After the session ended, Lavieri expressed interest in continuing the research. To her, the problem represented unique challenges in using ML for the allocation of limited resources under time constraints, in line with what she has explored in other projects, including on liver transplants. Likewise, Zhu was interested in the project as it connected to his previous work on using statistical methods to help build predictive models, specifically in the health domain. For both Lavieri and Zhu, and their students, the project is a means to improve medical treatment while also strengthening foundational ML.

Over the next few months, e-HAIL facilitated the discussions between Laveri’s team and the Transplant Center, including with incoming Director Dr. Haakinson, and Zhu’s team joined in the course of the process. Through these meetings, they fleshed out the medical need and how artificial intelligence can provide a solution, eventually leading to the hospital securing funding so work could start on the proposed approach. 

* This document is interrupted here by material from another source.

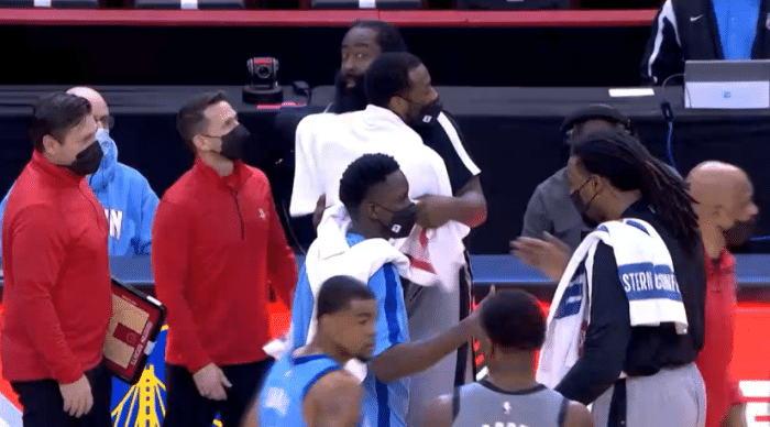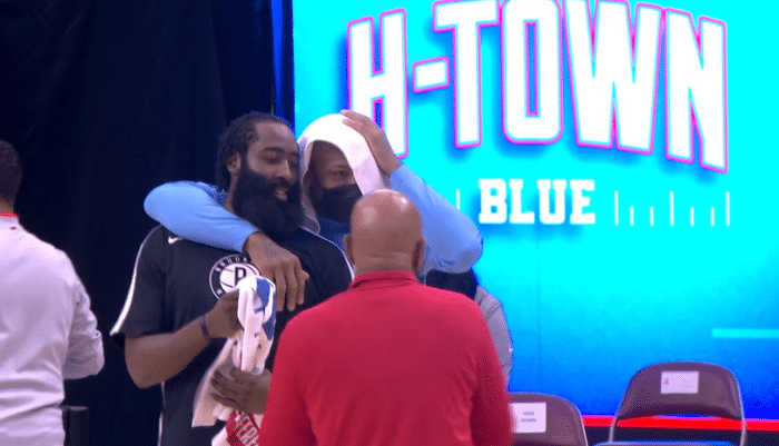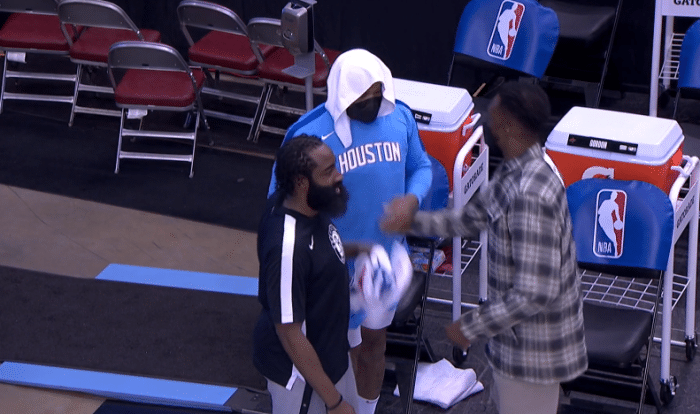 赛后哈登主动跑到火箭替补席,先是拥抱火箭助教,中途遇到沃尔,两人紧紧拥抱相互致敬;然后哈登用拥抱多位前队友,泰特、琼斯等人都来昔日老大哥拥抱;紧接着哈登找到塔克,两人有说有笑十分亲密,哈登还摸了摸塔克的脑袋,这两兄弟之间的关系太好了,杰夫-格林也过来和塔克打招呼。

The current project focuses on the allocation of marginal kidneys—kidneys that are in less-than-ideal condition, such as those from older donors or individuals with diabetes or renal impairment. Under the current process, such kidneys are often considered unusable and discarded, but recent efforts in the medical field are looking into how to make the best use of these kidneys, particularly in the face of the increasing number of people on waiting lists for kidney transplants. (See, for example, this article in the journal Current Opinion in Organ Transplantation).

e-HAIL has also provided the student funding for Yili Wang, a doctoral student studying under Lavieri, to work on the project. Wang completed her Master’s in biostatistics at U-M before moving to the College of Engineering’s Industrial and Operations Engineering Department for her PhD. She is fascinated by the challenge of working with the medical field, particularly because of the complex, imperfect, real-life systems that do not adhere to theoretical, textbook models. On the KTAlgorithm project, as the project is now called, she is working on modeling the current kidney allocation process using a Markov decision process so that, after they complete a new, ML-based model, they can compare it to the original process.

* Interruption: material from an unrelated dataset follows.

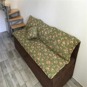 The apartment area is 30m2 with 2 floors and it is intended for 3 persons with extra French bed. The apartment is newly furnished.
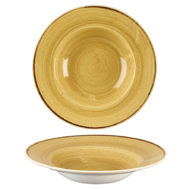 The Churchill China SMSSVWBL1 Bowl 16-1/2 Oz. 11" Dia. is a large, round serving solution designed with a wide rim, making it an aesthetically pleasing yet practical choice for various food service settings. This bowl, constructed from durable ceramic, offers a generous volume of 16-1/2 ounces and an 11-inch diameter, making it suitable for a range of culinary presentations from appetizers to main courses. Its microwave and dishwasher-safe features ensure ease of use and maintenance, catering to the fast-paced demands of commercial kitchens and home use alike. The eco-glazed finish enhances its appeal, adding a layer of sustainability to its design. Part of the esteemed Churchill® Super Vit and Stonecast® collections, this bowl is presented in a striking Mustardseed Yellow, enhancing visual appeal and dining ambiance. As a US-stocked item, it is available for order by case only, ensuring readiness for bulk purchase and distribution. This product's unique combination of design, functionality, and color caters to diverse segment markets including restaurants, catering services, and hospitality industries seeking reliable and stylish servingware.

While the project has made significant progress since its official start in the fall of 2023, the current data set is posing challenges. In particular, the way that kidneys have been matched to potential recipients has changed over time, making it difficult to get consistent data to train a model. At times, there are certain variables missing from the entries. A significant task facing the team is cleaning up the data. After getting IRB approval in April 2024, the team is looking into observing current allocations at MM to better understand the process and get more detailed, cleaner data.

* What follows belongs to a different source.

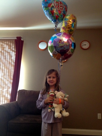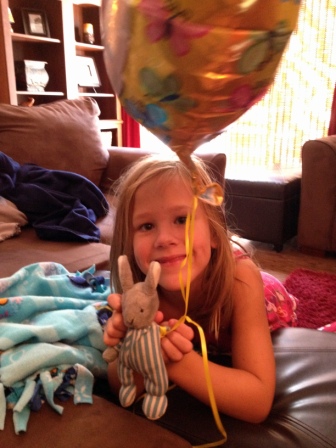 Hop Hop and a balloon...Ella with her 2 new animals from the Grandmas

The project, when completed, will present a framework to improve clinicians’ ability to use marginal kidneys. This could potentially have an impact across the transplant field, as kidney transplantation is the most frequent and highest in volume. The waiting list for kidney transplants alone is over 97,000 patients, and U-M’s health system performed a record number of 42,000 transplants in 2022. By bringing together researchers from different fields to solve key medical problems, e-HAIL is bridging the gap between the medical and engineering fields to revolutionize how medicine works.